Отличительной чертой ракообразных является панцирь, который служит не только каркасом для мышц и внутренних органов, но и защитой от повреждений. В природе им обладает большая группа членистоногих животных — около 52 000 видов. Но для приготовления пищи используются лишь немногие представители. Правда, деление на съедобные — несъедобные весьма условно. Тур Хейердал , описывая свое путешествие на «Кон-Тики» в 1947 году, рассказывает, как члены его команды собирали морских желудей, которыми быстро обрастал плот, варили из них суп и были очень довольны вкусовыми качествами этих рачков. Может быть, зря повара обходят их вниманием? Ведь морскими желудями буквально усыпаны все прибрежные скалы и камни.

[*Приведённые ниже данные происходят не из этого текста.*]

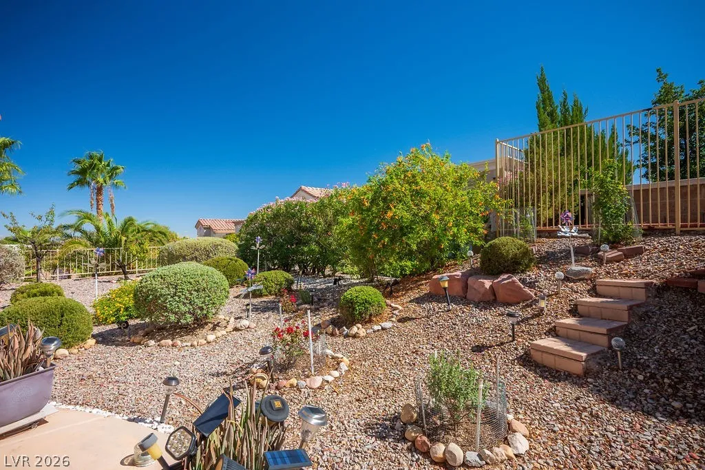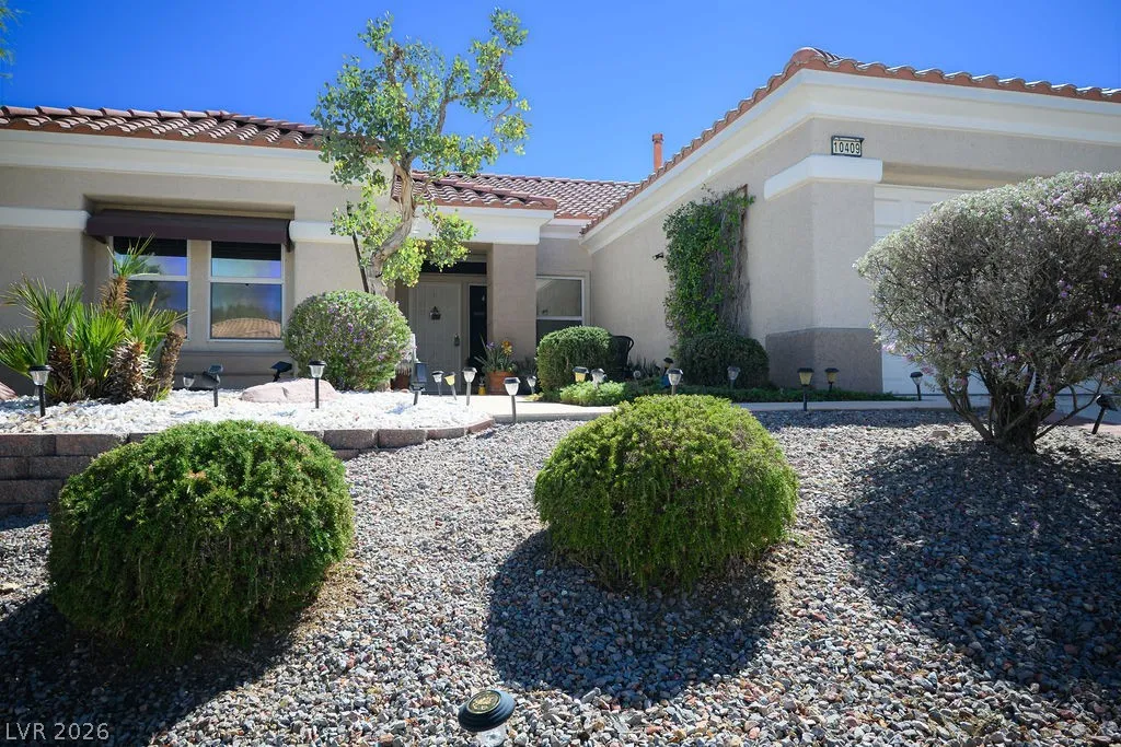 Meticulously maintained 1,520 sq. ft. Royale model featuring 2 bedrooms, 2 baths, and a separate den/office in the newer section of Sun City Summerlin. This desirable floorplan offers an easy-flow layout ideal for both everyday living & gatherings. From the open kitchen with breakfast bar, you’ll enjoy views of the living & dining areas, creating a natural hub for connection. The fully equipped laundry room leads directly to the garage, complete with storage cabinets and newer mechanical systems. Beautifully manicured front landscaping enhances the curb appeal, while the extended covered patio overlooks an easy-care, desert-landscaped backyard with almond and lemon trees—perfect for relaxing or entertaining outdoors. Sun City Summerlin is a premier 55+ active community with 3 golf courses, 4 pools, spas, gyms. Tennis, pickleball & basketball courts available along with a men’s softball league. Nearby Downtown Summerlin with top-tier dining, entertainment, shopping and sports amenities.

Правда, среди тех же баланусов — усоногих ракообразных — родственная морскому желудю морская уточка (персебес) является самой дорогой кулинарной «штучкой». В испанской Галисии в честь нее даже проводится праздник «Фиеста де Лос-Персебес». А еще таких баланусов здесь называют морскими трюфелями и стоят они под стать королевским грибам — около 400 долларов за килограмм. Возможно, цена объясняется не только нежнейшим вкусом, но еще и риском по добыванию. Ведь сборщикам уточек нужно во время отлива по скользким камням спускаться в опасные расщелины, где они прикрепляются к камням. Тело морских уточек покрыто известковым панцирем, напоминающим раковину, поэтому их частенько называют моллюсками, но это ошибка. Список же избранных ракообразных невелик. Наверное, кулинарам стоит пофантазировать и воспользоваться упущенными возможностями, щедро предоставленными природой.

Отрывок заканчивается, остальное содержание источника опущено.